Unless one spends a great deal of time with Black Dice’s back catalogue, it’s a rare thing to bear witness to identity crises unfolding on wax. So dig in, and hang on, as this Scottish duo try and fail to hook a direction and reel it in, with delirious results. “Spastica” leads with distressed excretion synthesizers circling Jupiter while rocking coliseums full of toga-clad Andrew W.K. fans, which are overtaken by liquid-y effects-driven percussion that quickly goes from hippie to sharing a mind-meld with Carlos Giffoni’s Welcome Home then boomerangs right back to beardo again. In practice, what Blue Sabbath Black Fiji are doing sounds more open-ended and looser-limbed than the above description is able to convey. It’s one of those situations where the players aren’t so much willing a state of joyous confusion into being as they’re just tapping into cosmic frequencies and cutting us in, mid-score. See?
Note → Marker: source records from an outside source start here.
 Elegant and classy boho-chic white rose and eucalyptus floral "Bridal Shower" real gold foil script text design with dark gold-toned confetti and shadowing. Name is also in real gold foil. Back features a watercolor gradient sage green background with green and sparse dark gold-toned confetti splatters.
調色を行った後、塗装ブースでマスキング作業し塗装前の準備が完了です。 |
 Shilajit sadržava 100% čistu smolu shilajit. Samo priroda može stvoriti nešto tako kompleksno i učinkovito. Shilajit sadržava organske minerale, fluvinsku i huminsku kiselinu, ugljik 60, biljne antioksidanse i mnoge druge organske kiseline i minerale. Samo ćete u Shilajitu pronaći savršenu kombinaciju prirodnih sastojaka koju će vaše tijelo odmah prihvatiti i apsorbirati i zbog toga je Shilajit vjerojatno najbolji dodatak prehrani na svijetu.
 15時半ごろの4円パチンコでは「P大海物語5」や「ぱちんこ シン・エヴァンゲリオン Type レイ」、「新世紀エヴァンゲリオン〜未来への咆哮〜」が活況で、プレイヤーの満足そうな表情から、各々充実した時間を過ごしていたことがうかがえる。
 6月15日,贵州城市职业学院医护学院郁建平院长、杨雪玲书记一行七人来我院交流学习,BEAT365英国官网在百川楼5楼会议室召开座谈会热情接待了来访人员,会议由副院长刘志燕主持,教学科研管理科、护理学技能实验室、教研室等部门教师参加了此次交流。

It’s all about who you know.      

Skullflower, “Tantrik Ass Rape”

If you’re a comic-book reader, comic book battles are awesome: all those super-powered punks battling all those other super-powered punks, felling monuments and skyscrapers and bisecting statues and disrupting traffic patterns in the name of score-settling and/or favorable sales figures. Noise pile-drivers like “Tantrik Ass Rape”—oh, sorry, “Legitimate Tantrik Ass Rape”—force me to peel back the fourth wall and pretend, just for a moment, that I actually have to live in the city where the Justice League International are battling Despero or where Hulk and Wolverine are throwing down for the umpteenth time. Lives are ended and thrown into disarray for no reason. Stuff blows up for without a larger purpose, and I’m suddenly and irrevocably overcome by the sheer senselessness of violence—in musical or comic-book form—in a world so in need of harmony and peace. At times, Skullflower and Skullflower principal Matthew Bowers’ other projects have scratched a special itch for me over the years, but “Rape” and the like are where a line has to be drawn between exhilarating artlessness and hard-core fracking for its own sake. Strange Keys To Untune Gods’ Firmament, this ain’t.
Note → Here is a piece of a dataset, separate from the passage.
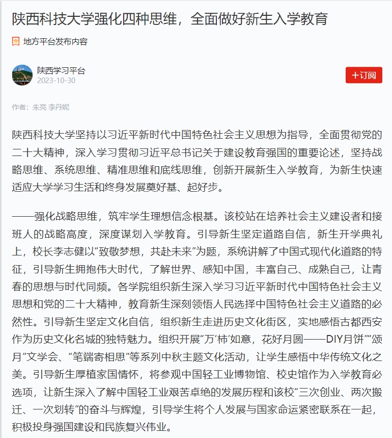 學習強國陜西學習平臺:陜西科技大學強化四種思維,全面做好新生入學教育

Ken Timber, “Untitled Track #4 from That Was Nice, Now Go Clean The Toilet

God, this is just too perfect—the name of the dude responsible for the noise at hand—because I cannot listen to this song without thinking of those cartoons where some animal is up a tree, and becomes aware of a sawing sound, and then looks over, and there’s another animal with a huge, shit-eating grin at the end of the branch, just methodically sawing that branch off, and the first animal, the one in danger, always realizes a moment too late just how doomed he is.

Discussion
  • Skullflower is the type of noise i can only stand live or at home, in a really bad move. same kind of thing as beating your bed with a pillow. not always the right remedy but works for me :)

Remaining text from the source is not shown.